EXERCISE GOAL
Each line of the listing below must be retyped exactly, with images left out.

SUPPLIED DATA
━━━━

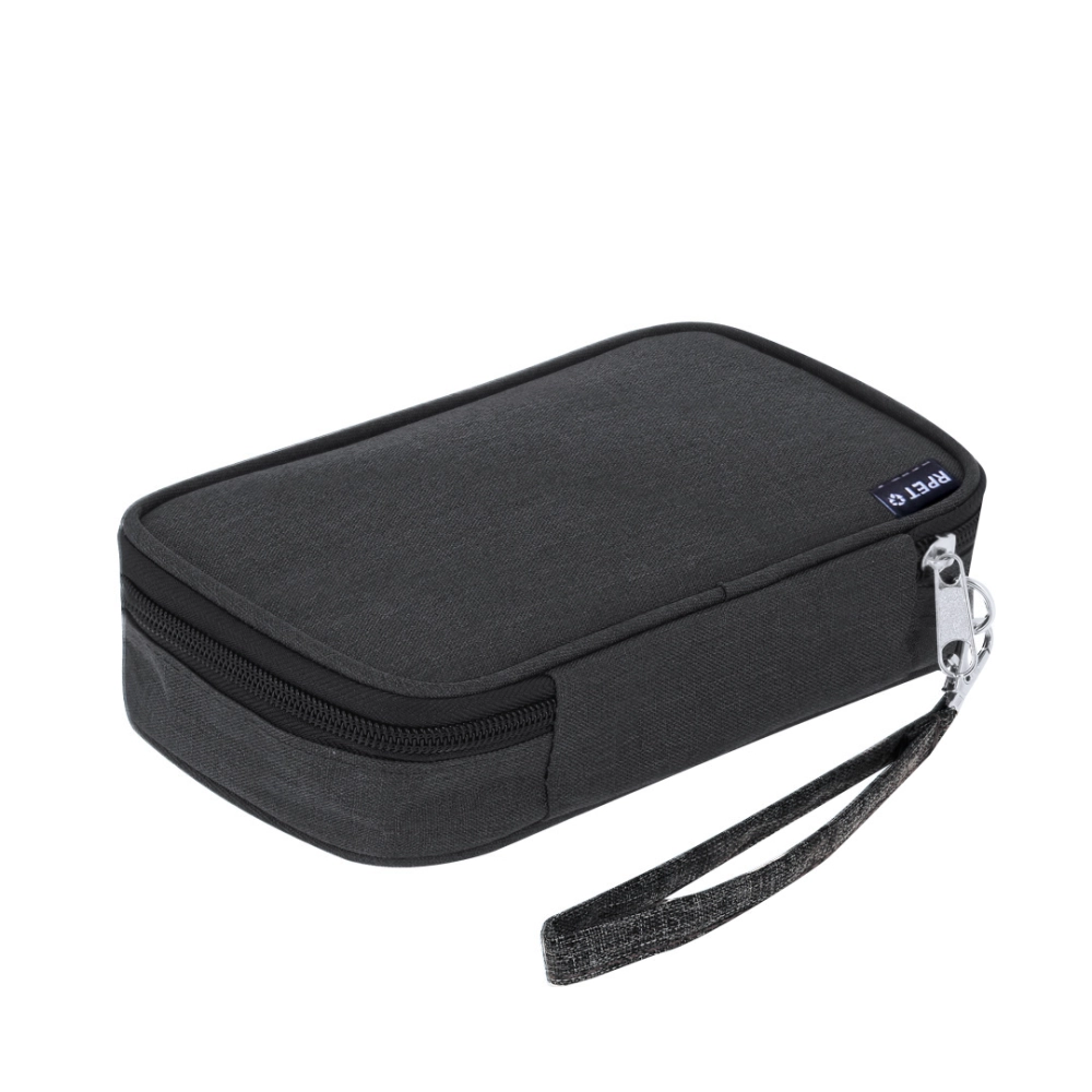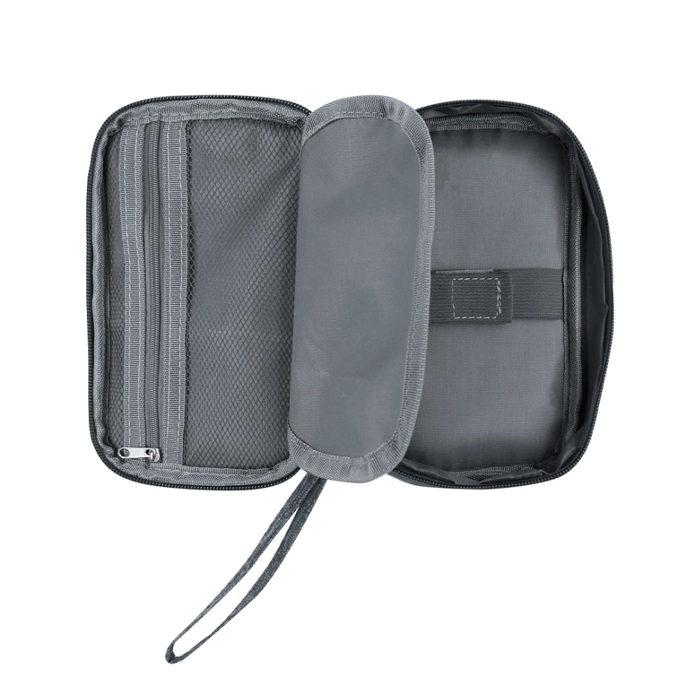 Органайзер изготовлен из RPET 600D. Включает в себя полностью открывающийся основной карман с металлической застежкой и несколько внутренних карманов, идеальных для хранения кабелей: 2 кармана с эластичными лентами, 1 с молнией и отделение с эластичной лентой и липучкой. В комплекте имеется ремень для удобной транспортировки. С этикеткой RPET. Материал RPET изготовлен из переработанного пластика, способствуя повторному использованию пластиковых отходов и помогая устойчивости планеты.
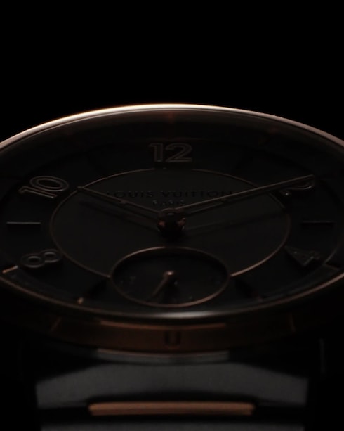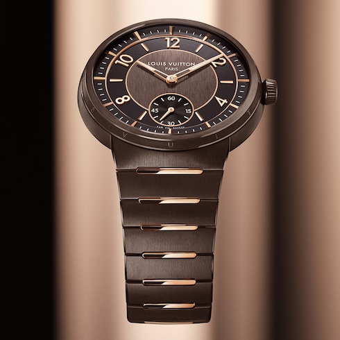 Arloji unisex yang dihiasi dengan sentuhan akhir yang kontras ini menampilkan gelang terintegrasi pertama dari Louis Vuitton, dipadukan secara sempurna dengan casing rampingnya – memberikan kenyamanan dan kelenturan melalui garis lengkungnya.
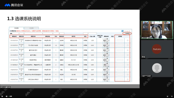 董唤唤还就培养方案进行了详细的解读,指导新生选课系统的具体操作方法和意愿值选课等教务方面的注意事项。

━━━━

ANSWER TO THE EXERCISE
 Органайзер изготовлен из RPET 600D. Включает в себя полностью открывающийся основной карман с металлической застежкой и несколько внутренних карманов, идеальных для хранения кабелей: 2 кармана с эластичными лентами, 1 с молнией и отделение с эластичной лентой и липучкой. В комплекте имеется ремень для удобной транспортировки. С этикеткой RPET. Материал RPET изготовлен из переработанного пластика, способствуя повторному использованию пластиковых отходов и помогая устойчивости планеты.
 Arloji unisex yang dihiasi dengan sentuhan akhir yang kontras ini menampilkan gelang terintegrasi pertama dari Louis Vuitton, dipadukan secara sempurna dengan casing rampingnya – memberikan kenyamanan dan kelenturan melalui garis lengkungnya.
 董唤唤还就培养方案进行了详细的解读,指导新生选课系统的具体操作方法和意愿值选课等教务方面的注意事项。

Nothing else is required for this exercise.